Ada juga orang selain istrimu yang mungkin tak bisa menerima hal ini. Mungkin sikap mertuamu akan berbeda dari sebelumnya

Dasar, menantu nggak berguna! via dconheels.com

Menjadi tumpuan harapan bagi orang-orang terdekat memang kadang menyulitkan. Ya, meski kadang menjadi sebuah semangat tersendiri. Seperti harapan mertua dan orangtuamu tentang calon cucunya. Ekspektasi dari mereka yang begitu tinggi hilang seketika, saat mereka tahu bahwa kamu tak bisa memberikan apa yang mereka harapkan. Bahkan, tidak menutup kemungkinan mereka bakal menghinamu sebagai pria tak berguna. Ada loh. Ya, meski ini relatif dan tentatif.

Tidak semua mertua seperti ini. Ada juga mertua yang cukup progresif dan menganggap hal ini adalah hal yang wajar terjadi mengingat saat ini hidup memang jadi jauh lebih tidak sehat dibandingkan era dia hidup dulu. Meskipun demikian, sudah seharusnya kamu juga terbuka masalah ini, biar bisa diatasi bersama. Biar kamu nggak gila.

Ini bukan sepenuhnya masalah takdir. Cobalah ingat bagaimana masa mudamu dulu, apakah ini semua karena kesalahanmu sendiri?

Gara-gara dulu, aku… 🙁 via huffingtonpost.com

Untuk mengembalikan kepercayaan orang-orang di sekitarmu yang kecewa padamu, cobalah untuk introspeksi diri. Masalah infertilitas ini ternyata terpengaruh dari masa lalu. Bagaimana pola dan gaya hidupmu semasa muda sedikit banyak menaruh andil pada kemandulanmu. Paling tidak, kamu bisa belajar dari masa lalu. Untuk kesembuhan, kamu bisa mengunjungi dokter atau ahli yang bergerak di bidang kemandulan.

Oleh karena itu, sudah semestinya kamu yang saat ini masih belum masuk ke jenjang pernikahan menaruh perhatian pada kesehatan alat reproduksimu.

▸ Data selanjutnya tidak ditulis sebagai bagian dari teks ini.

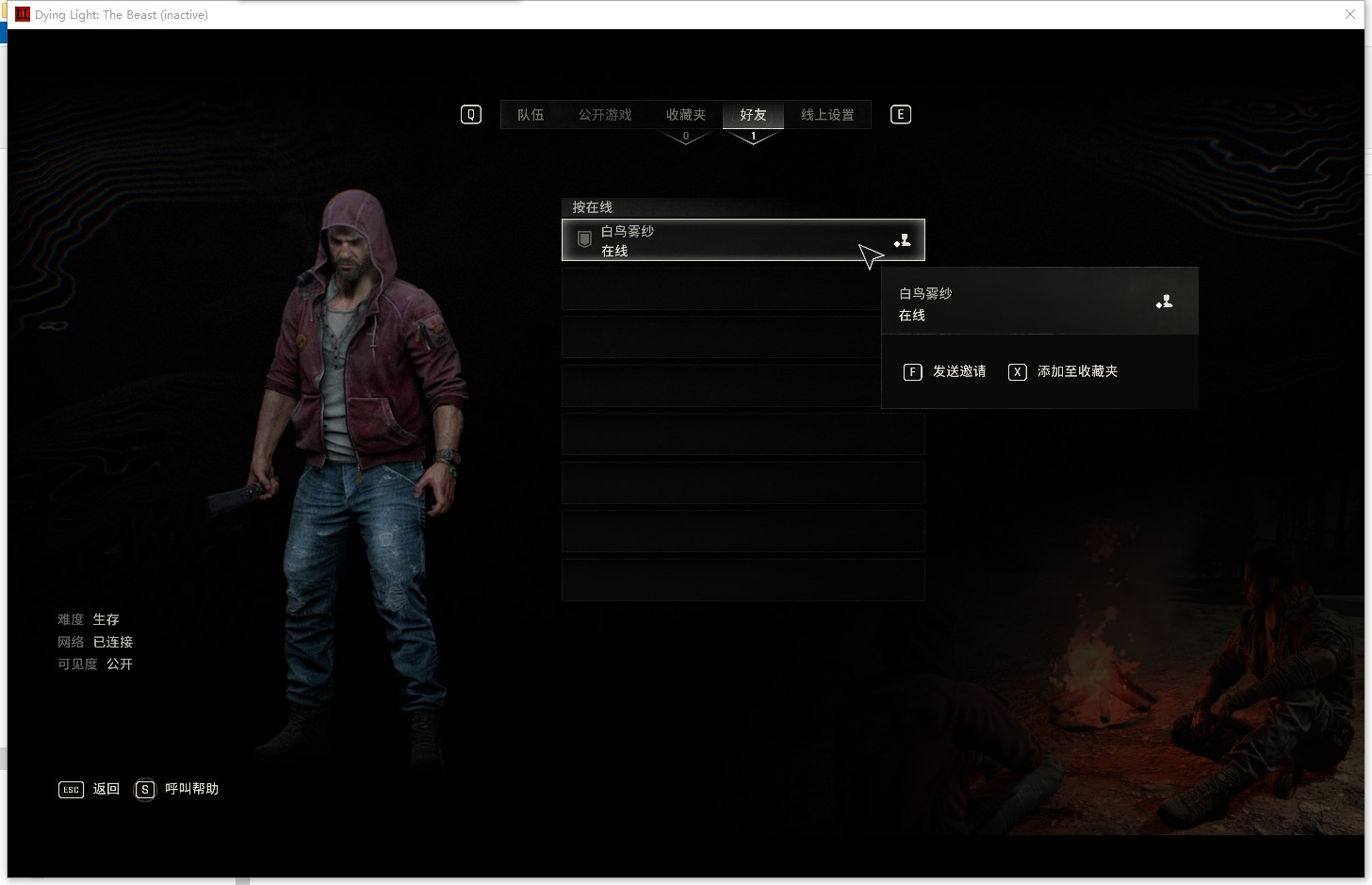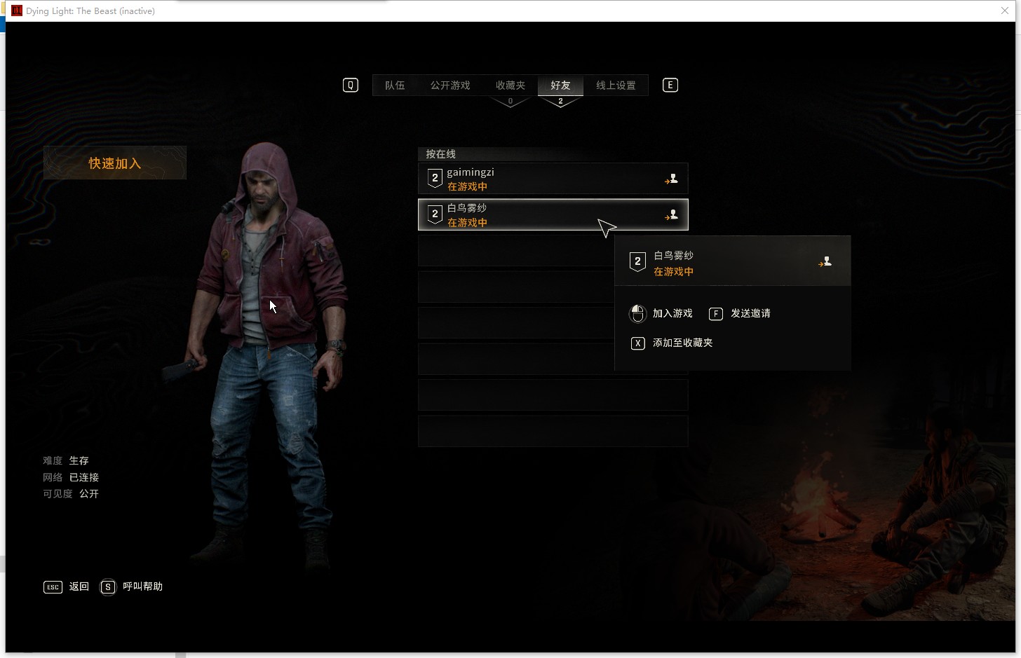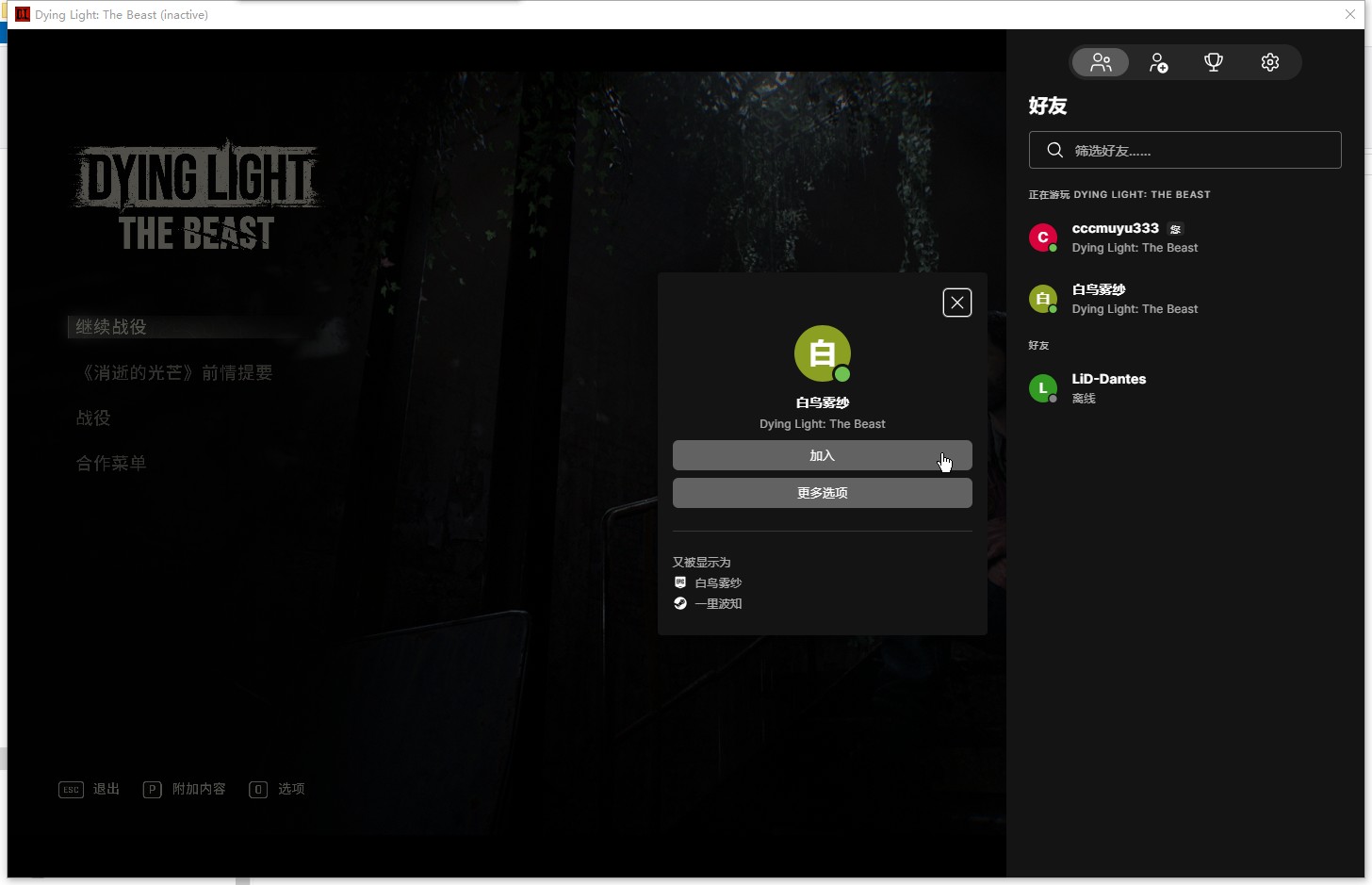 联机:游戏中按ESC打开合作选项——好友列表,邀请好友或者进好友的游戏。

Banyak orang yang menyangka bahwa hal ini tidak perlu perhatian khusus, namun saat ini dengan banyaknya makan tidak sehat dan gaya hidup yang kurang baik, sudah sepantasnya semua cowok menaruh perhatian khusus pada hal ini. Mulai sekarang, ayo hidup sehat. Tinggalkan rokok, minuman keras, dan hal lainnya yang bisa menyebabkan kemandulan!

Berat memang bagi seorang pria untuk menghadapi masalah seperti ini. Perhatian bagi para cewek yang kelak akan menjadi istri. Cobalah untuk bisa menerima kekurangan suamimu yang seperti ini. Ini sama sekali bukan keinginan semua cowok, tapi kalau takdir sudah berkata seperti itu, mau bagaimana?